> DESCRIPTION OF THE TASK
Return exactly, please, the line that contains "Pe parter avem" and every line after it through the end of the material that follows, leaving pictures aside.

> INFORMATION PROVIDED
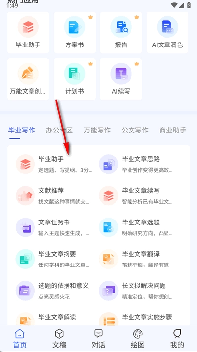 1. 开启软件,进入首页界面后,点击“毕业助手”。
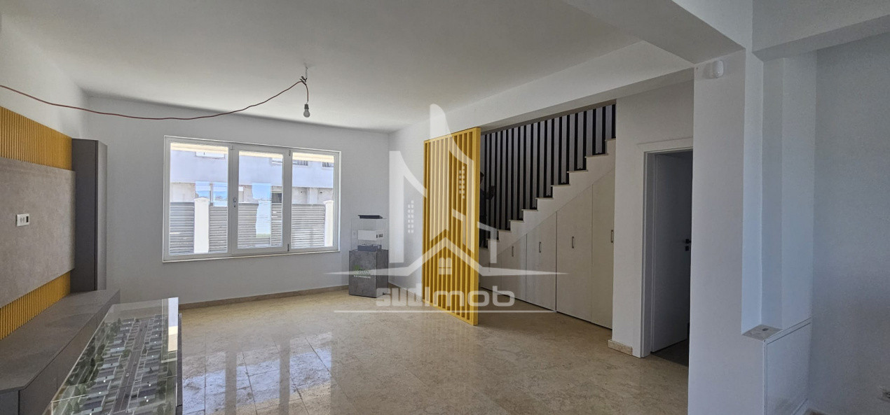 Pe parter avem living cu bucatarie open space, baie cu cabina de dus si geam si acces catre curte. Curte libera 200 mp ce se va preda amenajata cu gazon.
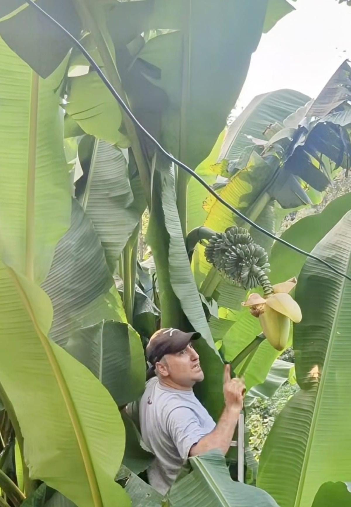 Yaklaşık 2 yıl önce diktiği muz ağaçları metrelerce uzadı.

> EXPECTED ANSWER
 Pe parter avem living cu bucatarie open space, baie cu cabina de dus si geam si acces catre curte. Curte libera 200 mp ce se va preda amenajata cu gazon.
 Yaklaşık 2 yıl önce diktiği muz ağaçları metrelerce uzadı.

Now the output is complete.